Memorial Day: Remembering Military Dogs

Memorial Day weekend is a time when we remember the fallen heroes for whom we are grateful for the liberties we enjoy. It is also a time for rest and enjoyment of those who are still with us. For dog owners, this means spending more time with our dogs than usual, outside of the backyard barbecue.

It is time to remember those who gave their lives in the service of their country. They prioritized duty, honor, and courage over personal safety, and as a result, the United States became more free, safer, and better. We at BudgetPetCare would like to take a moment to honor some of the dogs that have served in the military.

Here are the stories of four of these courageous military working dogs, whose bravery, dedication, and strength inspire us all.

Sergeant Stubby

Sgt. Stubby was the mascot of the 102nd Infantry, 26th “Yankee” Division during World War I. Private J. Robert Conroy smuggled Sgt. Stubby, a mixed breed bull terrier, to Europe. He became more than a mascot after being wounded twice. Before a gas attack, he used his acute sense of smell to arouse the men. Stubby was promoted to Sergeant after catching a German spy, making him the first dog in the US military to be awarded a rank. President Wilson had the pleasure of meeting Sgt. Stubby during the war.


Sgt. Stubby wasn’t the first dog to become famous during World War I. Rags, a Scotch-Irish terrier, was discovered in the streets of Paris by Pvt. James Donovan in 1918. Rags was known for his ability to “salute” with his front-right paw, but he was more than just a showman for the troops. He was often in charge of carrying messages and directing medics to injured soldiers. Rags, like Sgt. Stubby, was injured in the battle, losing vision in his right eye during a gas attack. He had a gas mask made for him, but it was dislodged by the blast. Rags lived until 1936, and his life was immortalized in a book published in 1930. “He became a personality in the division, a sign of bravery and good luck,” according to his obituary in the New York Times.

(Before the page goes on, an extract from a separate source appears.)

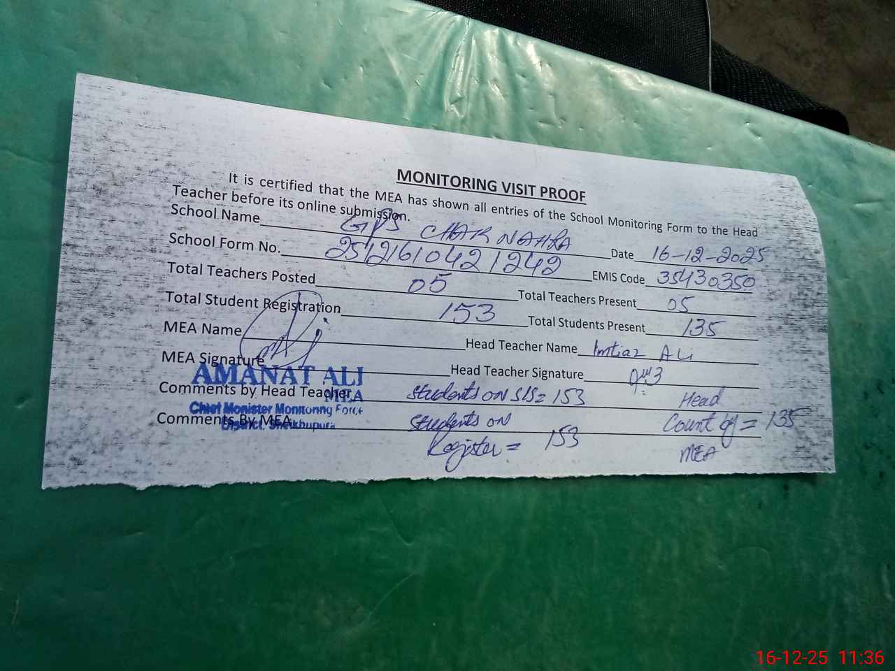 | Attendance Register | Head Teacher | MEA with School | Visit Proof |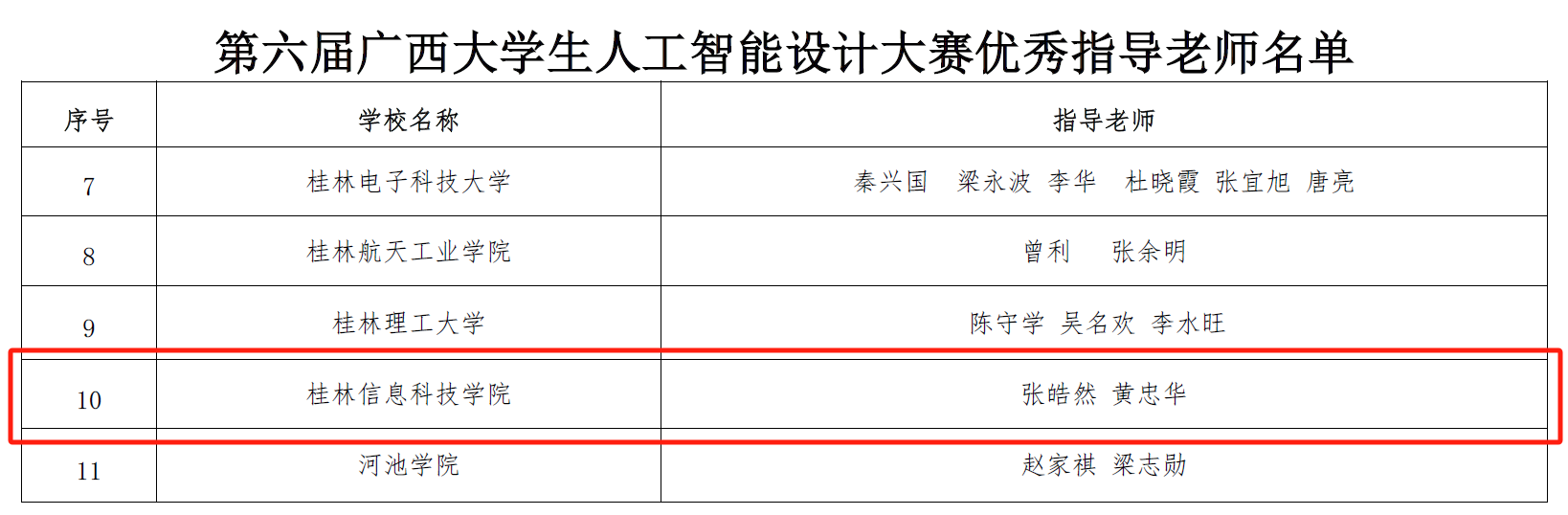 (第六届广西大学生人工智能设计大赛优秀指导老师名单)

Military working dogs are no longer pets; they are raised from birth to perform specific tasks. These dogs operate in a number of positions alongside Special Forces units or Military Police units, often out of the public eye. Bulletproof vests, night vision and infrared cameras, and a microphone are all provided by the Navy Seals for their pets. Cairo, the Belgian Malinois who accompanied US Navy Seals on the bin Laden raid, is the most prominent dog of the War on Terror. Cairo was brought in to help with perimeter protection, bomb detection, and false wall detection. President Obama had the distinction of meeting Cairo in the White House after the raid. Cairo was named Time’s Animal of the Year in 2011 after appearing in the movie Zero Dark Thirty.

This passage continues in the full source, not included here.